Input data:
====================
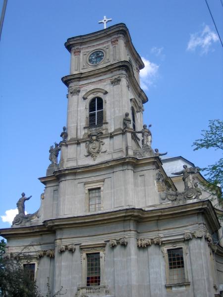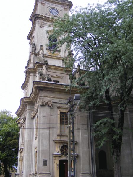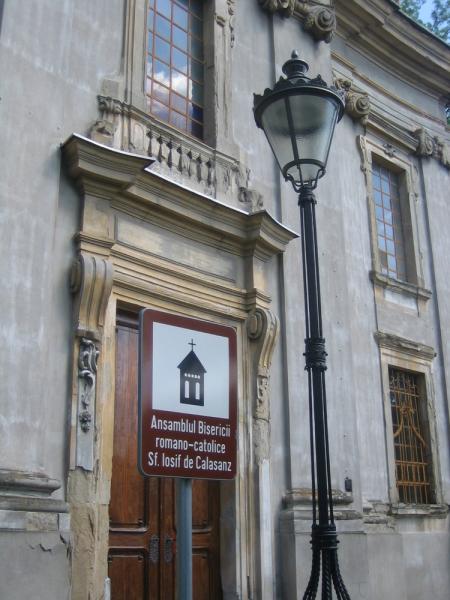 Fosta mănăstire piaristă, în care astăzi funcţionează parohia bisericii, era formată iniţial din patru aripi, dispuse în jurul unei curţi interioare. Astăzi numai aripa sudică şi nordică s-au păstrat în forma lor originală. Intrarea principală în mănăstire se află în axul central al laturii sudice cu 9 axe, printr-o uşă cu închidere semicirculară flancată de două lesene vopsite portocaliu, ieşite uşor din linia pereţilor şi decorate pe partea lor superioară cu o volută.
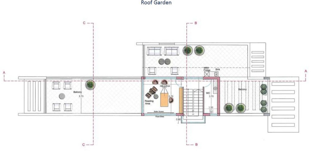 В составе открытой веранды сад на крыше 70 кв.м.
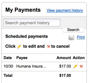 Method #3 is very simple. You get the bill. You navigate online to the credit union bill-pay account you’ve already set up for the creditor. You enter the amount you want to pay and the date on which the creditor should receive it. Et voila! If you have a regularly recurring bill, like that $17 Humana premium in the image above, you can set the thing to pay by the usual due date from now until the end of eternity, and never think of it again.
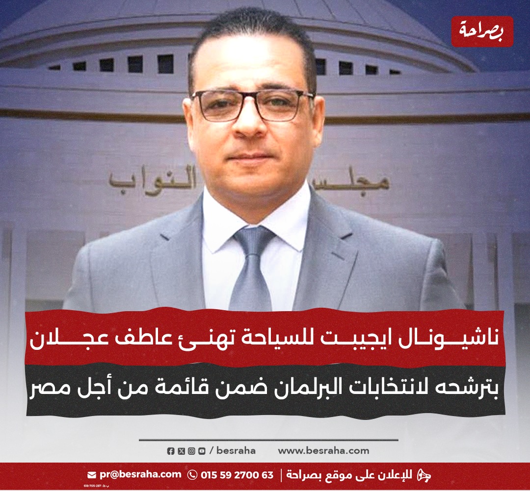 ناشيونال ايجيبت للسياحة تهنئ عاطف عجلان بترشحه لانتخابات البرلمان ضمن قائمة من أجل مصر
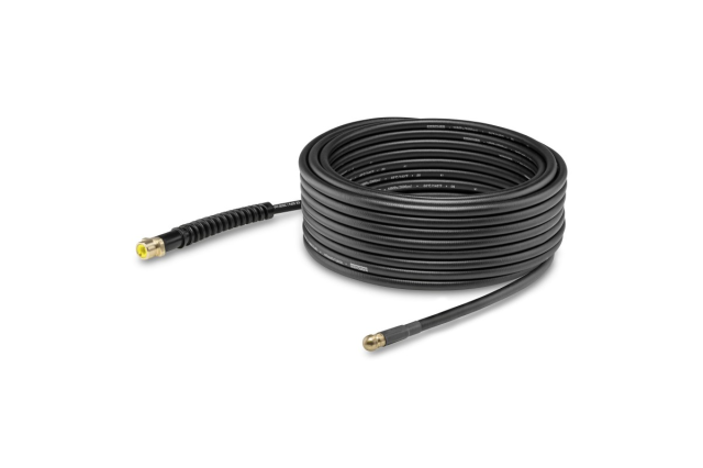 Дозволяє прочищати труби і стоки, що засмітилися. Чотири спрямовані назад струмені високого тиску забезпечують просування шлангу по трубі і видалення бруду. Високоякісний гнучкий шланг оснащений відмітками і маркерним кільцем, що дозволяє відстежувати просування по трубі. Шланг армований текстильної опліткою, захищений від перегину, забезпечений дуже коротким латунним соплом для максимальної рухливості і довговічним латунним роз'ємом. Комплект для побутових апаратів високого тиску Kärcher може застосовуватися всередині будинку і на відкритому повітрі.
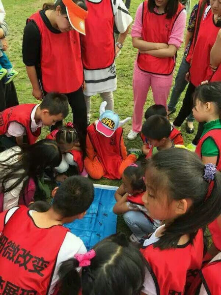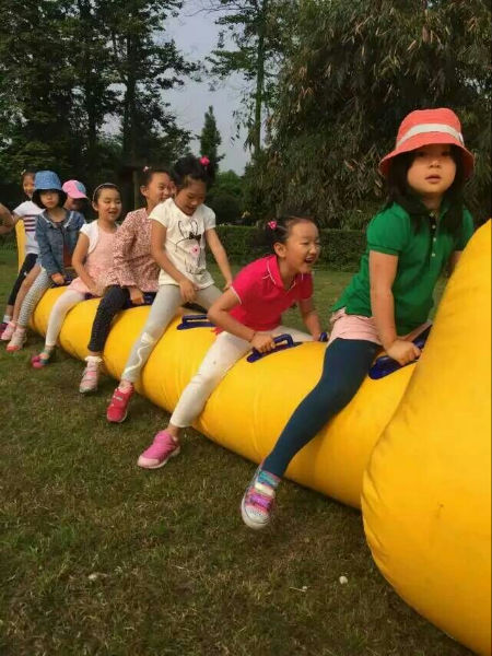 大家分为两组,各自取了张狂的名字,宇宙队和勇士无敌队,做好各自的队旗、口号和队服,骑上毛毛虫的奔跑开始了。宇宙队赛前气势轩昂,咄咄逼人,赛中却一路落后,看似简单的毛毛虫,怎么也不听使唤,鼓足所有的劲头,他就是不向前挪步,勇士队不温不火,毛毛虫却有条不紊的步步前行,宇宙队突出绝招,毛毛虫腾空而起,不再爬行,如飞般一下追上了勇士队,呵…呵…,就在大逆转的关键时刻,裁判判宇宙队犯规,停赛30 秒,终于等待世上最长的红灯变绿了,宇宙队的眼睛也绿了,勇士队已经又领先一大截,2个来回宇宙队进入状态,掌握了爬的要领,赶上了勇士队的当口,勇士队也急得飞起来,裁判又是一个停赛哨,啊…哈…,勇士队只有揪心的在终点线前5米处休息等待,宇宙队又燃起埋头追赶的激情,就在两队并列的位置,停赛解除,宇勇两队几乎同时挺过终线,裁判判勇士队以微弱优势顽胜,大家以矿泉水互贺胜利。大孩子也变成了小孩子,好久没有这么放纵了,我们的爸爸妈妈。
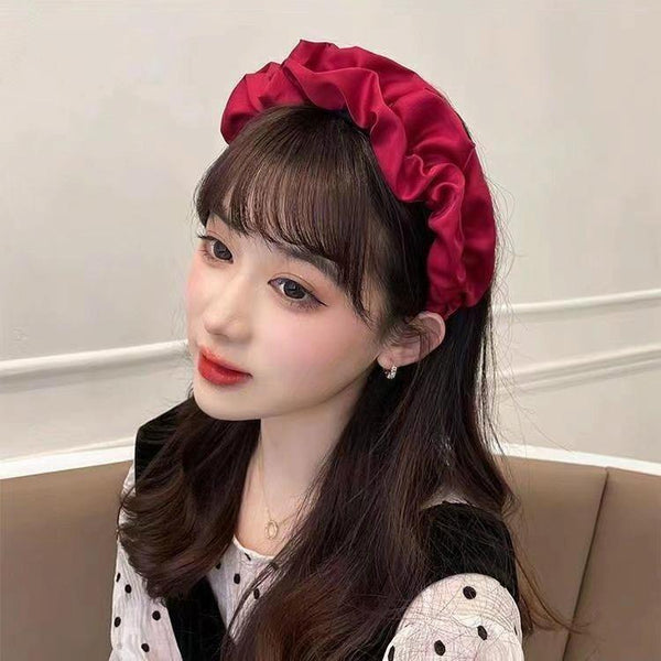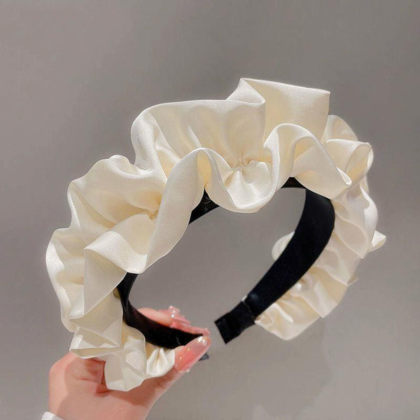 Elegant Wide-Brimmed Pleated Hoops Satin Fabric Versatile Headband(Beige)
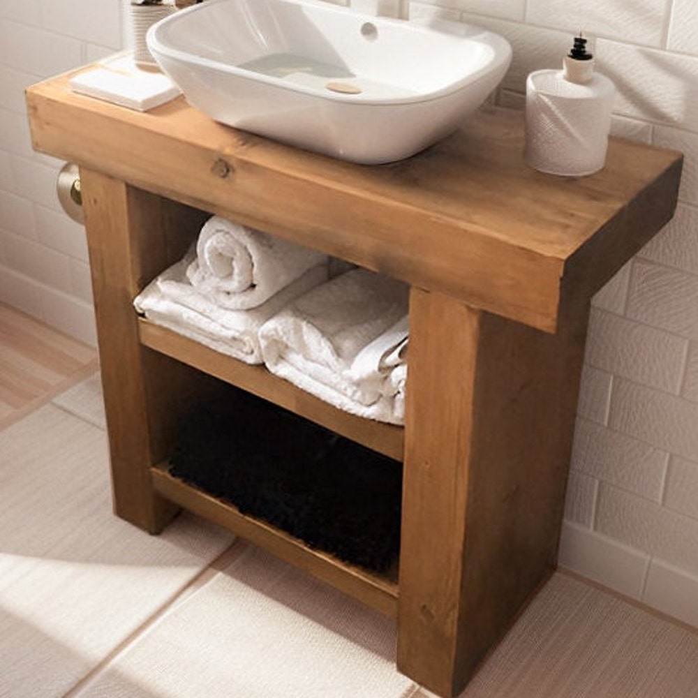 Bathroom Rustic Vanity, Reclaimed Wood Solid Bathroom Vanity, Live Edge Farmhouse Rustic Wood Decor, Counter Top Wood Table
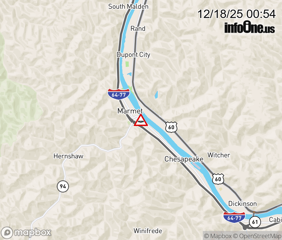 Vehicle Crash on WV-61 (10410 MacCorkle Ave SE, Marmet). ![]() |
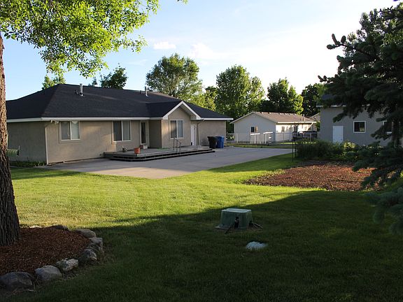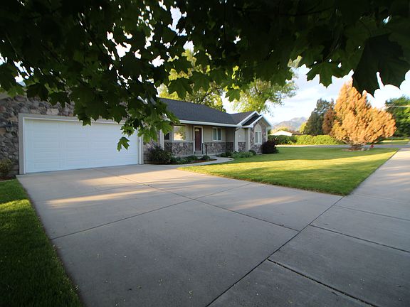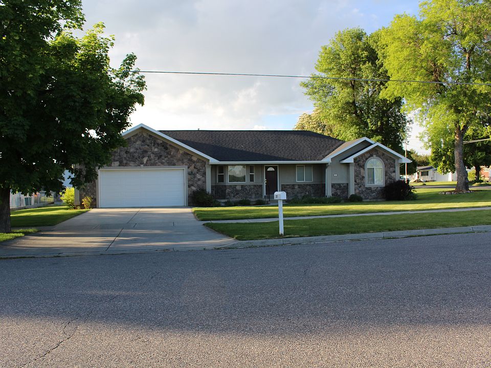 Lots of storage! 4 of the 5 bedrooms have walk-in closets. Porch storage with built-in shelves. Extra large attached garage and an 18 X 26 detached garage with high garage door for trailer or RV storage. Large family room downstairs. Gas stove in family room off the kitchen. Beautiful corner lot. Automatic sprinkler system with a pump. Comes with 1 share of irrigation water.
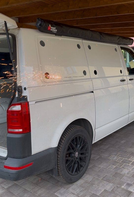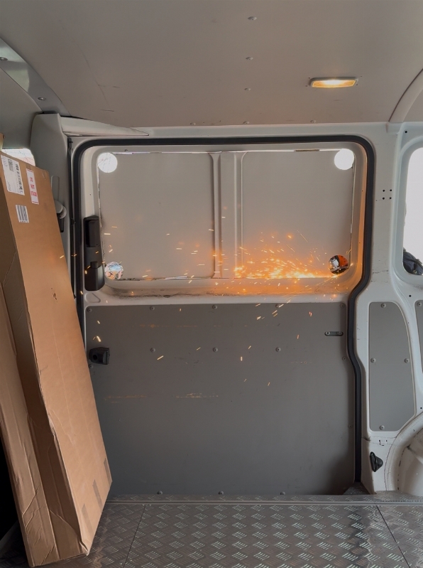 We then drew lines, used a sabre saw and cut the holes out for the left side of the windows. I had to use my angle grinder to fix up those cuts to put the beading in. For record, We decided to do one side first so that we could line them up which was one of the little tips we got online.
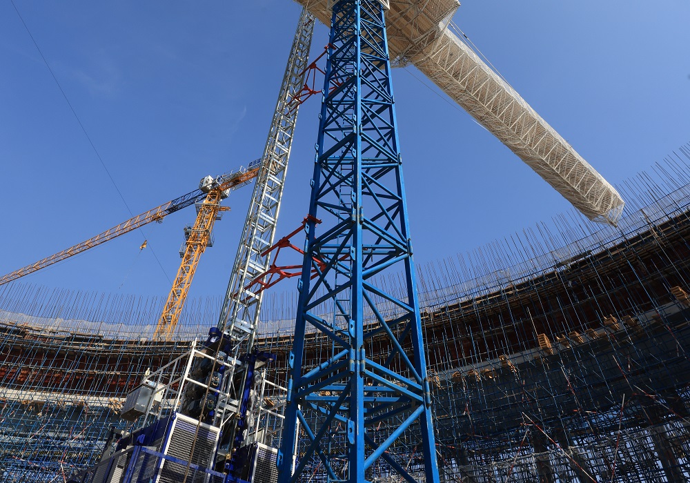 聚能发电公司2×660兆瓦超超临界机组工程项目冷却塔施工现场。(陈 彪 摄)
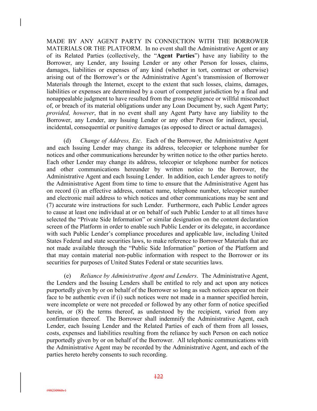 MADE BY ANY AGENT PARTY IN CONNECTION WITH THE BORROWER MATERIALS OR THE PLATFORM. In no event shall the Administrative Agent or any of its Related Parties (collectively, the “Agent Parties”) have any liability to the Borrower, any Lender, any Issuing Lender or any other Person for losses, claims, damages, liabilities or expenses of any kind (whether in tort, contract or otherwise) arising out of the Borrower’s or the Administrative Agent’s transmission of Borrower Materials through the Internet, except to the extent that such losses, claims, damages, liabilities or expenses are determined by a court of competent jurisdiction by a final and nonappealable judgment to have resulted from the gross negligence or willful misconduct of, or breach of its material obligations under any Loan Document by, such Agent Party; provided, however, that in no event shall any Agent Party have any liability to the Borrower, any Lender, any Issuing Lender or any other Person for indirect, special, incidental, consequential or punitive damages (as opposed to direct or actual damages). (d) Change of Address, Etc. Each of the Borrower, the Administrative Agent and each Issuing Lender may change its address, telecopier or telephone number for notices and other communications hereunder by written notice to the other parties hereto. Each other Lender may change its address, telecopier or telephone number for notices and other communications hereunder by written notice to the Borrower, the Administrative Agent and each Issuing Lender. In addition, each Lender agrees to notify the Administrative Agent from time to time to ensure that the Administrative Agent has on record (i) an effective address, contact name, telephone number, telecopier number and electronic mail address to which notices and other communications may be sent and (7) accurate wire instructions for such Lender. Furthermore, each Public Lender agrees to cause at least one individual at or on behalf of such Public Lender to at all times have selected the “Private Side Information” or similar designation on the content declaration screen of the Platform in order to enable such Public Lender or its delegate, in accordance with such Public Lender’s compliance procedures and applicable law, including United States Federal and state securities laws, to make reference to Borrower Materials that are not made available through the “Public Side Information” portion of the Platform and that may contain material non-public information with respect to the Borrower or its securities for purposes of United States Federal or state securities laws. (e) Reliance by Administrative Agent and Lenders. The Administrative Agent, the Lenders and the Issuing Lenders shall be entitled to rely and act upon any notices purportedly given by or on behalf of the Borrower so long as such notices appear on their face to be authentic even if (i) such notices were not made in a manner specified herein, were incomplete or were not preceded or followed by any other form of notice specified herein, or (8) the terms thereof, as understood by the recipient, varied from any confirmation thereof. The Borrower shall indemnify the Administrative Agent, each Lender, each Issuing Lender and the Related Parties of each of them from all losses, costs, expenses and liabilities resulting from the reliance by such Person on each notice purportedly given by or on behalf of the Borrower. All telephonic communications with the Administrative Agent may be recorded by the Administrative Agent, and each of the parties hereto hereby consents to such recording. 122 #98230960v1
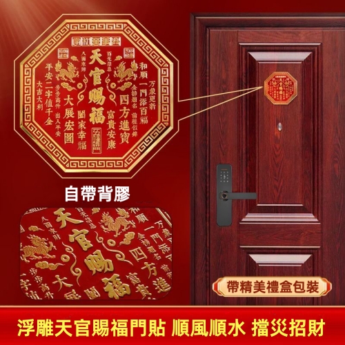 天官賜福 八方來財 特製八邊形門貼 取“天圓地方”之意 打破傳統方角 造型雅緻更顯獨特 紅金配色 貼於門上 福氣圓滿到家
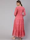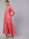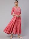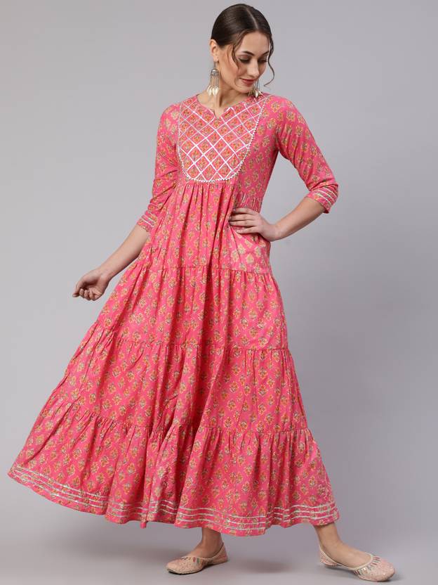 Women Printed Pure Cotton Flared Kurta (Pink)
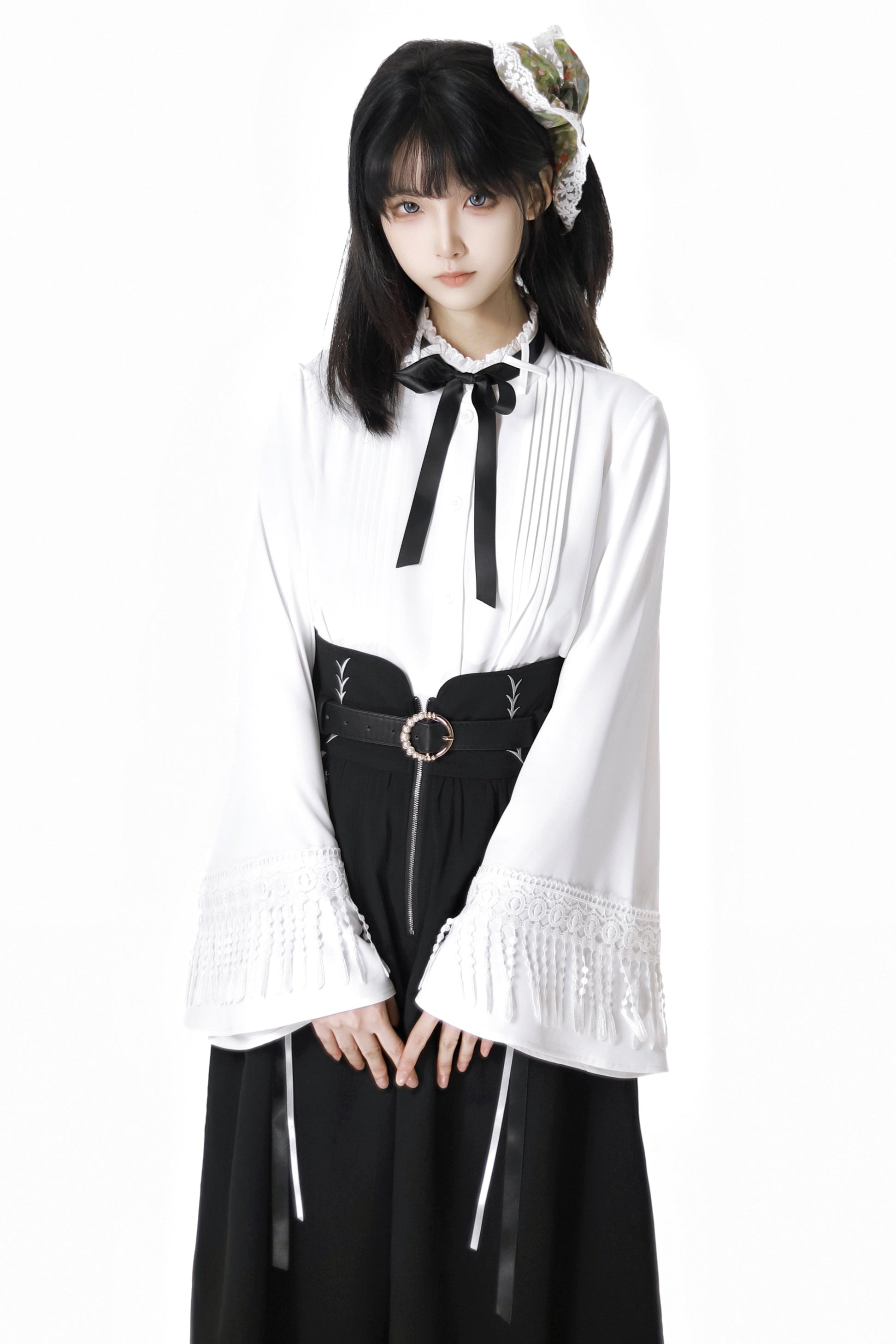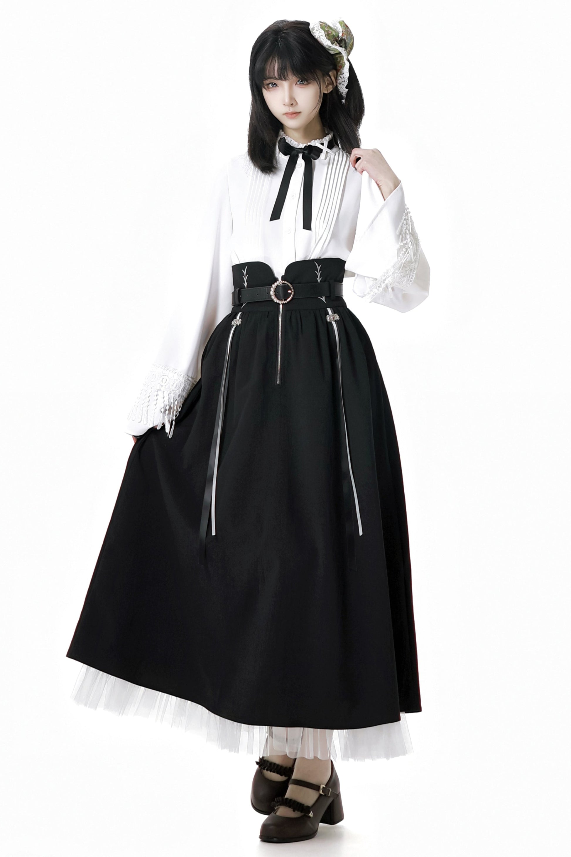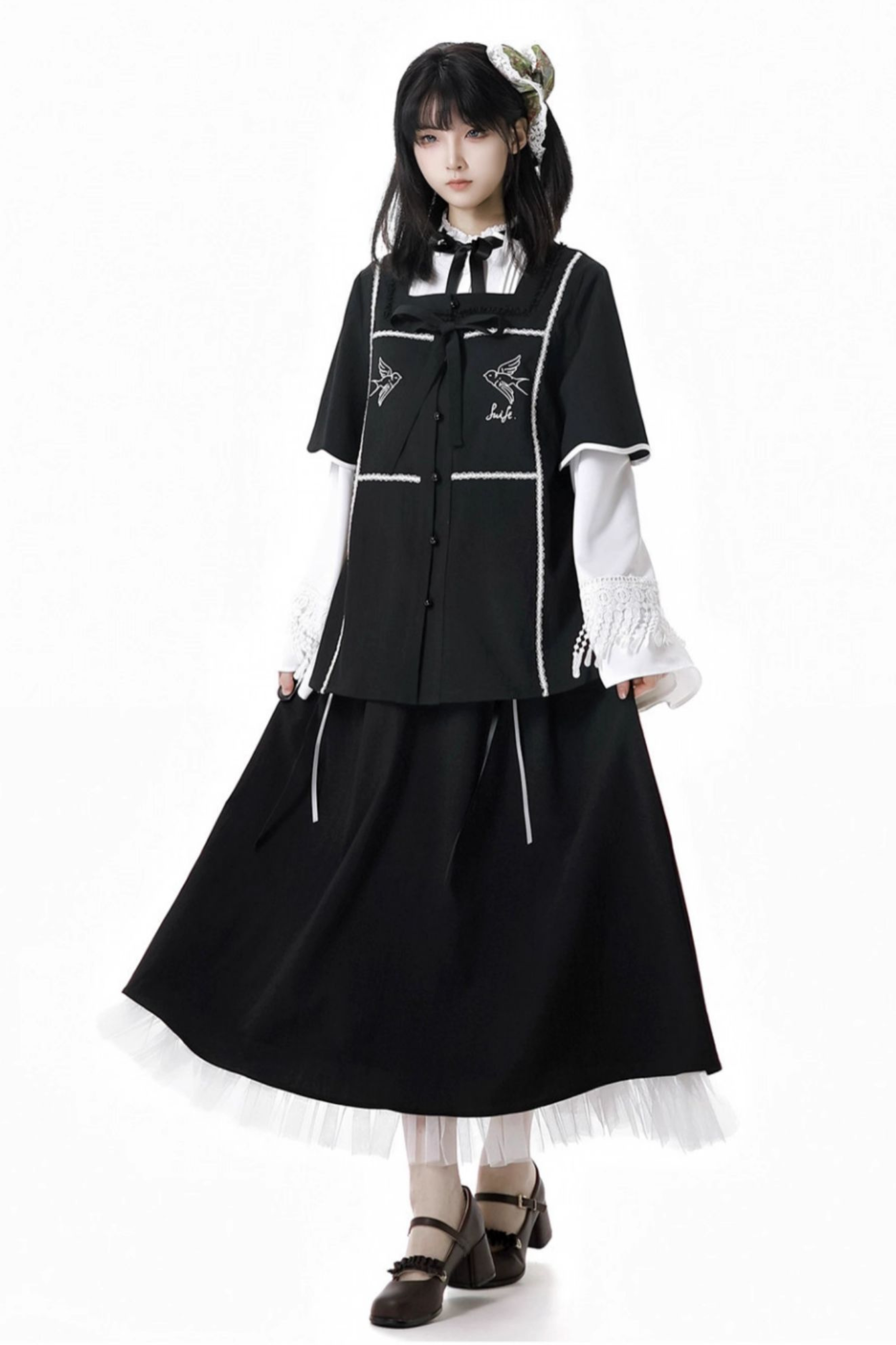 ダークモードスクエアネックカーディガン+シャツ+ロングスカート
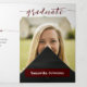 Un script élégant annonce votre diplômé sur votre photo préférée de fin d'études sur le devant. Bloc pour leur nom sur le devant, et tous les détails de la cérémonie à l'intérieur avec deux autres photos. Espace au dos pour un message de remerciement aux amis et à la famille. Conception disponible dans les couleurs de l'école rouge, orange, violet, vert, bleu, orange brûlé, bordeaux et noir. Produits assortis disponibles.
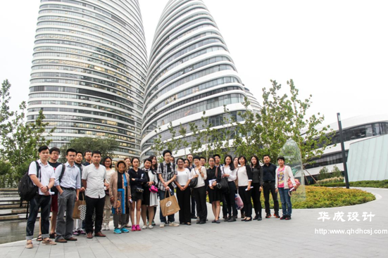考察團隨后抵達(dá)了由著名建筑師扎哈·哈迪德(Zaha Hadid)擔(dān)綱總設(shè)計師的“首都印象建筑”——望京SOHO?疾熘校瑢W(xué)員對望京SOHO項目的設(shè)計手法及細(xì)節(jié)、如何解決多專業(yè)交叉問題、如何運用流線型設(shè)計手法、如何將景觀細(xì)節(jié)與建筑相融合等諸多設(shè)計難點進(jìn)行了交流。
====================
What this task involves: What you return must match, character for character, the lines above from the one with "ダークモードスクエアネックカーディガン+シャツ+ロングスカート" through the one with "Un script élégant", minus any pictures.

Solved exercise:
 ダークモードスクエアネックカーディガン+シャツ+ロングスカート
 Un script élégant annonce votre diplômé sur votre photo préférée de fin d'études sur le devant. Bloc pour leur nom sur le devant, et tous les détails de la cérémonie à l'intérieur avec deux autres photos. Espace au dos pour un message de remerciement aux amis et à la famille. Conception disponible dans les couleurs de l'école rouge, orange, violet, vert, bleu, orange brûlé, bordeaux et noir. Produits assortis disponibles.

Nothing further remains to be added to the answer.